▸ TASK:
The line containing "deno lintdeno doc" and every line after it, through the last one below: output exactly these and nothing else.

[Data records]
- - - -

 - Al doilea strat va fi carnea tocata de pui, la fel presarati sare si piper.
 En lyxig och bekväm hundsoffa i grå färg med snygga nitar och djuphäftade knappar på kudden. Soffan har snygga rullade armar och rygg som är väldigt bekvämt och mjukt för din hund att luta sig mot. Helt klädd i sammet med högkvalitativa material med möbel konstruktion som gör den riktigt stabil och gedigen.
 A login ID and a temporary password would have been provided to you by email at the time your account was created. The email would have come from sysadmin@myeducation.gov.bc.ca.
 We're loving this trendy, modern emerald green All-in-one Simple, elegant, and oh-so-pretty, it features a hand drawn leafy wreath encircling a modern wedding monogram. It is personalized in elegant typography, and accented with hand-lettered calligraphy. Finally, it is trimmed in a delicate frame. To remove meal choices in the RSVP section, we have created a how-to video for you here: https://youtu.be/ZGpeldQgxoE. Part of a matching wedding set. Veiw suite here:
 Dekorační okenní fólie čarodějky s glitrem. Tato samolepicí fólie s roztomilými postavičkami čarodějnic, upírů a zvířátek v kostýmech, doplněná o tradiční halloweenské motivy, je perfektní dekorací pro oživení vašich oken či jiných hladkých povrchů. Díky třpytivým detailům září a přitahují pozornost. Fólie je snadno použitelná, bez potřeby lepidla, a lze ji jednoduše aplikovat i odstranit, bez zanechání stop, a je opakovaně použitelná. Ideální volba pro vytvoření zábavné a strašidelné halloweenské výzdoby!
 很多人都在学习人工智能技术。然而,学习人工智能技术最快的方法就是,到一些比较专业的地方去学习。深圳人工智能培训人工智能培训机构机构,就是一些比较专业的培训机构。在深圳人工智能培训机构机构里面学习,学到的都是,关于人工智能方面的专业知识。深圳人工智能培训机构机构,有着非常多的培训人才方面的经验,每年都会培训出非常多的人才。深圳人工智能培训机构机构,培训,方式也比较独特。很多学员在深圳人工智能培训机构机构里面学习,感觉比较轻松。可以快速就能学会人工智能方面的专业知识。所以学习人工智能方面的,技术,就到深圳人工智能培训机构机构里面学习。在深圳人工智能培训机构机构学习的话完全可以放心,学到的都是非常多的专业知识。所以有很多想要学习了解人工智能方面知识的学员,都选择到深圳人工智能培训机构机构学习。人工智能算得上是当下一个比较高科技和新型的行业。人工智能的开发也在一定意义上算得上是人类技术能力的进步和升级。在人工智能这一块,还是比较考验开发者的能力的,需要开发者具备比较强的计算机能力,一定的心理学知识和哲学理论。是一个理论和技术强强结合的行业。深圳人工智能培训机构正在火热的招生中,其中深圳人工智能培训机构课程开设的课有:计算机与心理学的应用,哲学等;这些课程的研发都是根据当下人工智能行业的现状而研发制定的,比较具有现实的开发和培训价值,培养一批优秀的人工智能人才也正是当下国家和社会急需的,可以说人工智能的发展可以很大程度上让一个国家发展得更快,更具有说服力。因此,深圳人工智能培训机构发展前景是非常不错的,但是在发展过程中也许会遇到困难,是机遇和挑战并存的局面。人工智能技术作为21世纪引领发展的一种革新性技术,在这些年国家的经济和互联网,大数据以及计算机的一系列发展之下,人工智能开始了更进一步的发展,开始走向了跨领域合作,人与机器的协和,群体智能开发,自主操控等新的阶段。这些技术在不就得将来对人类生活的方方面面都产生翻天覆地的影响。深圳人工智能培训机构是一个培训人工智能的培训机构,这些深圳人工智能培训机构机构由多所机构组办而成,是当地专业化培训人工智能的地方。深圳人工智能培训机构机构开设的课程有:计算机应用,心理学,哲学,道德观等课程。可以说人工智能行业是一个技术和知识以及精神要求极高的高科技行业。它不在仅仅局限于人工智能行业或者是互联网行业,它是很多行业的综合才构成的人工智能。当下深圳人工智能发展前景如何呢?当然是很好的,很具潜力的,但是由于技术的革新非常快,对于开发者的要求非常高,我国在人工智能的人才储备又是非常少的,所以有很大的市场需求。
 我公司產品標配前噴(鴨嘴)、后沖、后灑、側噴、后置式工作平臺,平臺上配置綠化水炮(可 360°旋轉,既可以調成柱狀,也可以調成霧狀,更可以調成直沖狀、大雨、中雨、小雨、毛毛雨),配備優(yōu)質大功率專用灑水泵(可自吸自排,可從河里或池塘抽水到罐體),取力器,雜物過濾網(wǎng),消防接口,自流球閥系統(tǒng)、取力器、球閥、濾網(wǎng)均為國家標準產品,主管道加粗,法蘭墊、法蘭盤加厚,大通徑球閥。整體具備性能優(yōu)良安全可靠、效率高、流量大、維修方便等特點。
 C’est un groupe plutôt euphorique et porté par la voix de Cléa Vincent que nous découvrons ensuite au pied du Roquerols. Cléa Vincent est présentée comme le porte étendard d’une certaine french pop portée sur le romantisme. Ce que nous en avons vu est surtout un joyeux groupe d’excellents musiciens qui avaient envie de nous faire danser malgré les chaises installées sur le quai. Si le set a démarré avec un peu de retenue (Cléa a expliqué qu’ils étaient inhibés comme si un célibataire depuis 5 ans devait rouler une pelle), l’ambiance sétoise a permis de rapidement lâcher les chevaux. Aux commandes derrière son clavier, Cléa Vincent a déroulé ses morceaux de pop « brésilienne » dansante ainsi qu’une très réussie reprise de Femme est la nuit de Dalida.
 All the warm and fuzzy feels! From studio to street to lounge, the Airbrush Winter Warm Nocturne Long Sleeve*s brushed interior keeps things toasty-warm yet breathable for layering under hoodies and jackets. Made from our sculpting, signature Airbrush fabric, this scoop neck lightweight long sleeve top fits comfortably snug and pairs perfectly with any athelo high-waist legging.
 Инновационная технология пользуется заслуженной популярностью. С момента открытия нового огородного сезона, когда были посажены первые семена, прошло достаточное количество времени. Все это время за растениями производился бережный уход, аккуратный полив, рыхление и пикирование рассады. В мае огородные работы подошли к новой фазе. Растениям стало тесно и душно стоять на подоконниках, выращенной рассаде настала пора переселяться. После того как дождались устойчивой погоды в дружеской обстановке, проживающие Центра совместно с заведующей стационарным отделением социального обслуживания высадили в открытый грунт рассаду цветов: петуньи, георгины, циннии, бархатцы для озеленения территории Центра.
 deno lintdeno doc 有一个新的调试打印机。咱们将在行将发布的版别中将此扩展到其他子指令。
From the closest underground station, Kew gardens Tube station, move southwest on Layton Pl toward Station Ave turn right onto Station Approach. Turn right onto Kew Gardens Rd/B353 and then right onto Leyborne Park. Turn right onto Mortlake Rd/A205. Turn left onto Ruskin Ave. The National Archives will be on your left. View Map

- - - -

▸ EXERCISE RESPONSE:
 deno lintdeno doc 有一个新的调试打印机。咱们将在行将发布的版别中将此扩展到其他子指令。
From the closest underground station, Kew gardens Tube station, move southwest on Layton Pl toward Station Ave turn right onto Station Approach. Turn right onto Kew Gardens Rd/B353 and then right onto Leyborne Park. Turn right onto Mortlake Rd/A205. Turn left onto Ruskin Ave. The National Archives will be on your left. View Map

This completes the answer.